When using a PAC, CO is inversely proportional to the area under the thermodilution curve and is determined by injectate volume, blood temperature, density factor, and computation constant. In the current patient, the measure of CO was significantly impacted by the use of SCDs. Given that the thermistor on the PAC measures temperature changes, we hypothesize that the inflation cycle of the compression stockings brought cool blood from the legs into the central circulation, resulting in a decrease in pulmonary artery blood temperature. In this extreme example, because the patient was febrile and edematous with a low stroke volume, the volume of cool blood from the two legs squeezed by the long-sleeve SCD was enough to create a CO waveform and CO calculation by the computer. Neither one-leg SCD nor calf SCD compression produced enough volume to create a CO waveform by itself. We postulate that sepsis and the ensuing volume resuscitation may have resulted in cool extremities and that the patient’s low flow state amplified the impact of cool fluid being delivered to the central circulation.

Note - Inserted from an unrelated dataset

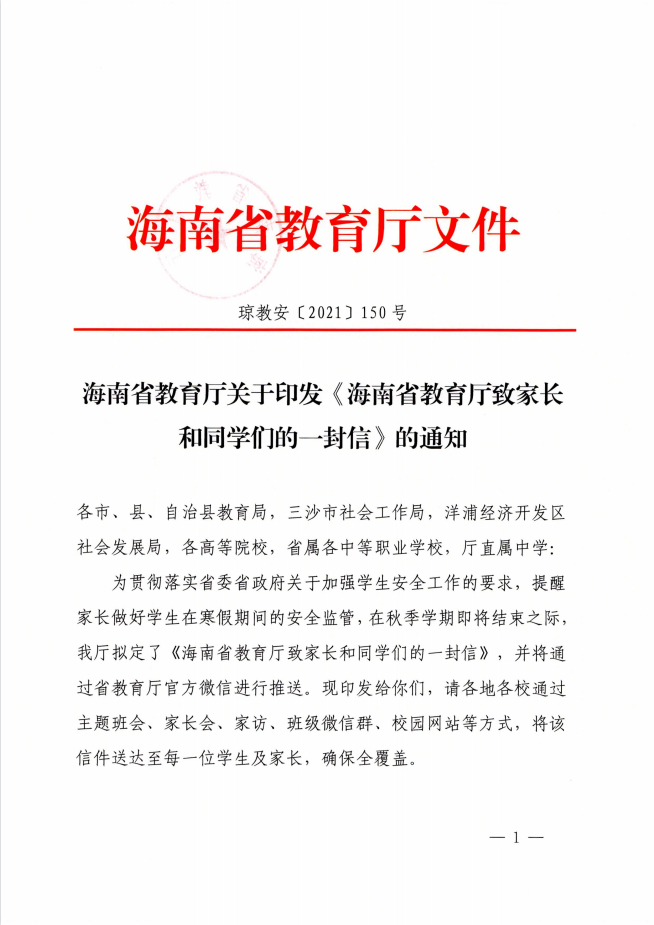 轉(zhuǎn):海南省教育廳關于印發(fā)《海南省教育廳致家長和同學們的一封信》的通知

Horiuchi et al. 2found a larger coefficient of variation on the pulmonary artery pressures when the calf pneumatic compression devices were used. In one patient in whom temperature changes in pulmonary artery blood were compared between the compression device on one or both legs, less temperature change was noted when the device was applied to one leg. They postulated that the larger the amount of cool blood that returns, the greater the variability in temperature. Despite this variation, CO was unaffected by the use of an intermittent compression device. Nonetheless, the variability was greater when they used room temperature injectate instead of iced injectate. With the higher temperature of injectate, the decrease in pulmonary artery temperature would be less than that observed with ice-cold injectate. 2
In the current patient, the impact of the transient decrease in pulmonary artery temperature from the peripheral pooled venous blood was perceived as a new CO curve by the computer. One would also expect that lower stroke volumes would result in less warm blood being ejected from the heart, thus increasing the effect of cool blood being returned from the limbs. 3
The use of SCDs is important for preventing deep venous thromboses in critically ill patients and will likely remain a mainstay of patient care in intensive care units. Physicians need to be aware of the potential for full-leg SCDs to impact thermodilution CO measurements and may need to consider temporarily turning SCDs off during CO measurements when these measurements are highly variable.